I created a 465 GB partition(25% of the real capacity) for drive C (Windows partition) and the rest (75%) for drive D where I installed games and some other programs. Is there any downside for performance or is it going to affect reliability on the long term ?
 
I don't think it makes any difference at all. My understanding is that unlike with a traditional HDD, partitoning an SSD doesn't actually restrict the partitions to certain regions of the memory. It's still all spread out as it would be if it was a single partition and the partitions themselves are kind of illusionary.

SSDs can drop off in performance when they approach full, but again I believe that applies only to the total fill of the entire SSD, not to any individual partitions.

The one advantage is that you'll be able to reinstall your OS without having to download your games, assuming you're using Steam or anything that behaves similarly. Your programs you may have to reinstall unless they're completely standalone.

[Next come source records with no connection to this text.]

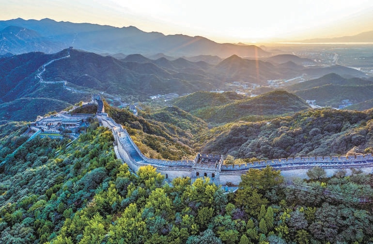 傍晚时分,夕阳的余晖笼罩大地。八达岭长城如巨龙蜿蜒,雄伟壮丽。本报记者 潘之望摄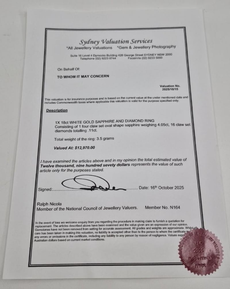 This valuation has been conducted by an independent third-party professional. The valuation amount is an assessment by the issuing valuer and does not reflect the auction value of the item.
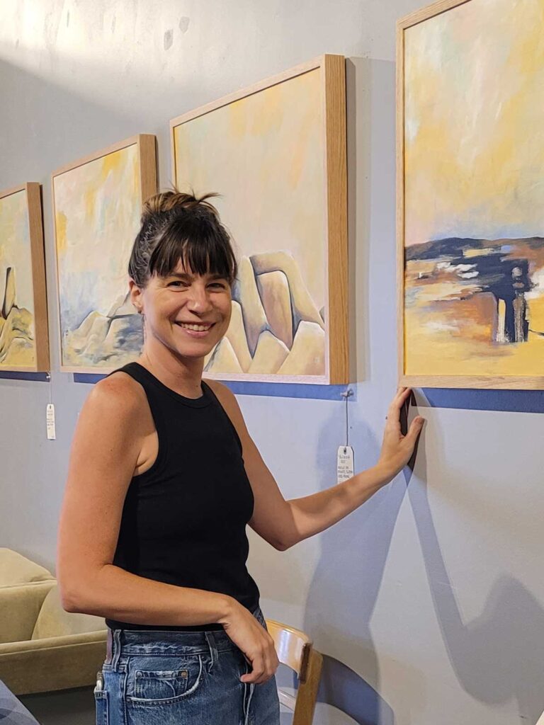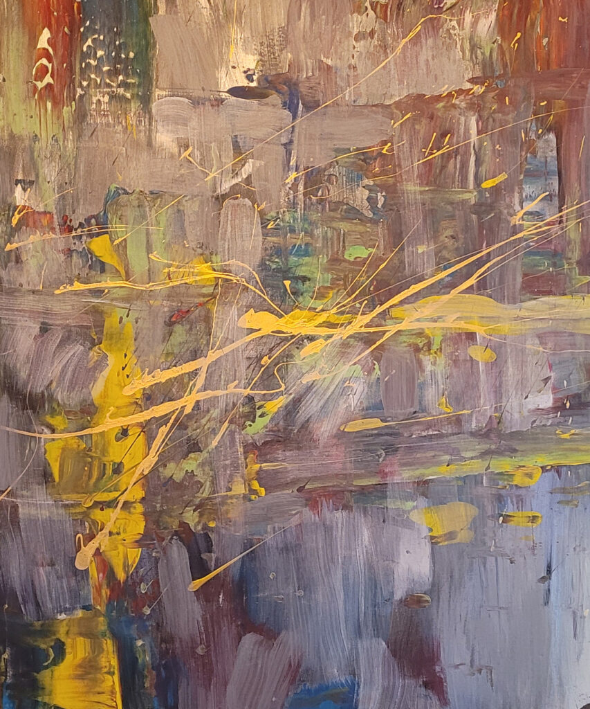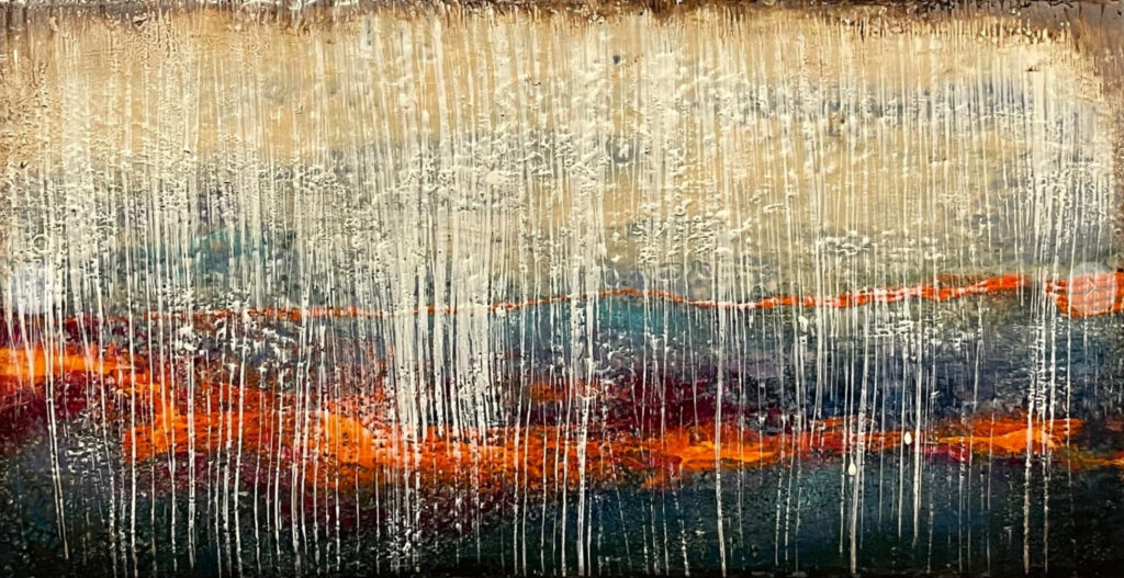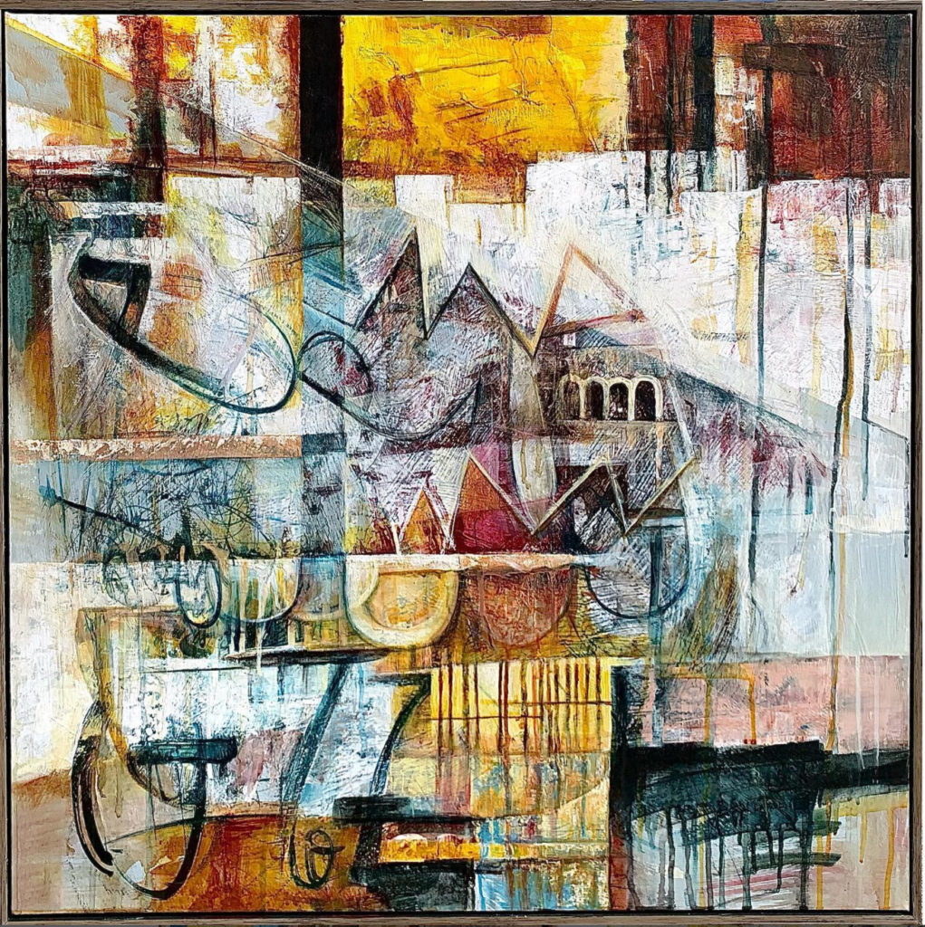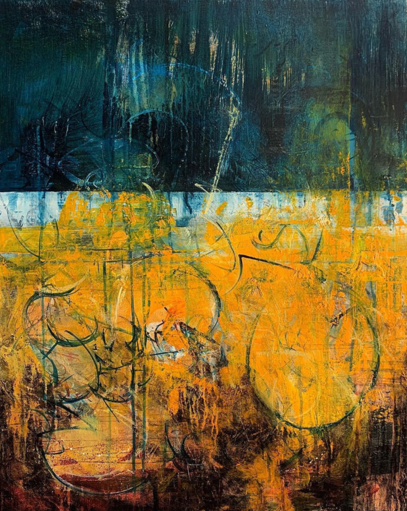 Her latest collection is a series of abstract works titled Beneath the Surface. The collection represents one of her overall themes in her abstract artwork which is that there are many layers to us all that we must unfold to really understand a person and in a metaphorical sense, the art in general. What appears on the surface is comprised of many complicated twists and turns in the creative journey and in one’s life. Digging beneath the surface often reflects the actual story of who or what is in front of you. Just as every painting evolves stroke by stroke and color by color as it takes shape, our life’s journey evolves over every experience and interaction big and small.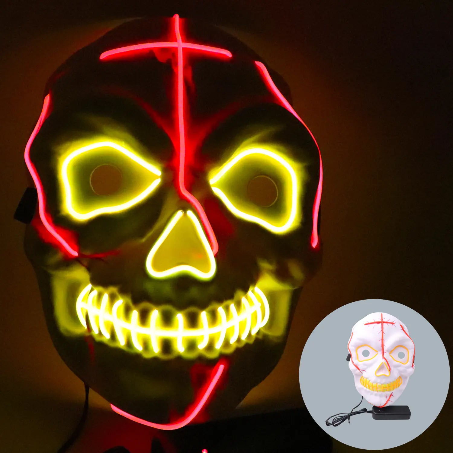 Crafted from high-quality plastic, the mask features an eye-catching design with a realistic bloody skull motif that adds a chilling touch to your look. The vibrant red and yellow lights will illuminate your presence, ensuring you are the life of the party or the most feared figure in the crowd.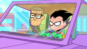 Robin unwittingly becomes part of a heist during his driver's ed test; Raven's supervillain dad has ulterior motives for befriending the other Titans.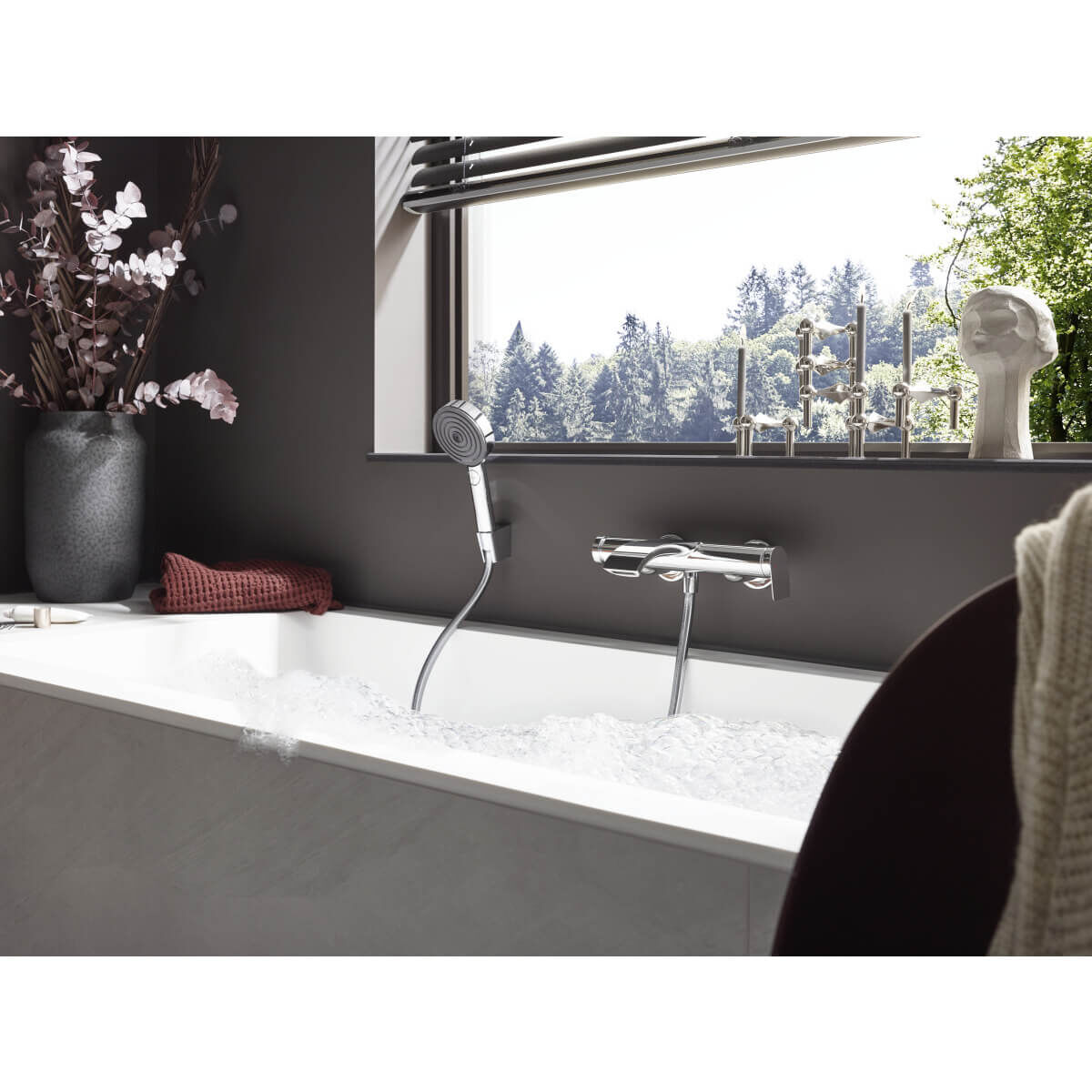Die Hansgrohe Vivenis Einhebel-Wannenarmatur bringt mit ihrer harmonischen Form und der eleganten Ästhetik neues Leben an die Wanne. Der mit Luft angereicherte, volle Wasserstrahl fließt wie ein kleiner Wasserfall aus dem sanft geschwungenen Auslauf (WaterfallStream), was bereits beim Befüllen der Wanne für ein besonderes Erlebnis sorgt. Die Armatur ist zur Aufputz-Installation konzipiert und eignet sich perfekt für die einfache Renovierung: Sie lässt sich mühelos auf vorhandene Standard-S-Anschlüsse montieren (Größe G ½, DN15).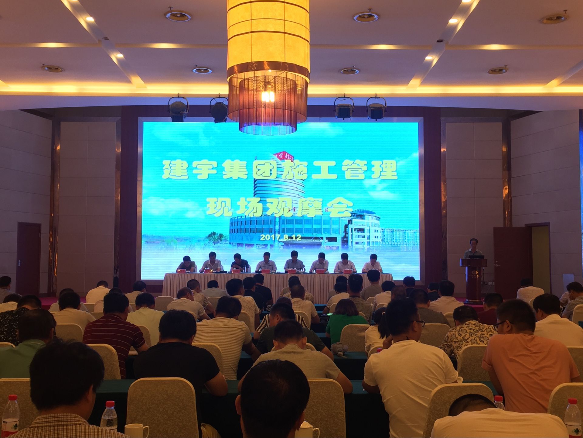 8月12日上午,集團公司在皇華國際大酒店宴會廳召開了施工管理現場觀摩交流會,公司全體人員及項目部骨干人員近160人參加。會議由總經理管民祥主持,董事長管民良講話。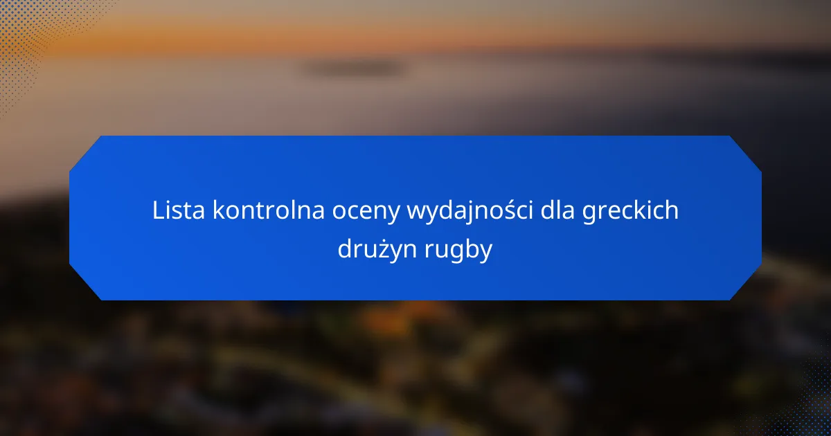 Lista kontrolna oceny wydajności dla greckich drużyn rugby jest niezbędna do identyfikacji mocnych i słabych stron w składzie. Skupiając się na kluczowych wskaźnikach wydajności, takich jak kondycja zawodników, dynamika zespołu i jakość szkolenia, drużyny mogą strategicznie poprawić swoją ogólną wydajność. To kompleksowe podejście zapewnia, że zawodnicy są nie tylko utalentowani, ale także fizycznie i psychicznie przygotowani do rywalizacji.

So no real reason to partition, no real reason to undo your partitioning if you're happy with it.
 
I have a 2TB Samsung 980 PRO SSD.
I created a 465 GB partition(25% of the real capacity) for drive C (Windows partition) and the rest (75%) for drive D where I installed games and some other programs. Is there any downside for performance or is it going to affect reliability on the long term ?
Depending on how fussy you are you might find that having the OS and games on the same disk is not the best combo for perf.
 
No impact on performance or reliability.
Space management might be an issue.
For example, your D space starts to get full but you want to install a new game. What do you do? Install it on the C drive anyway?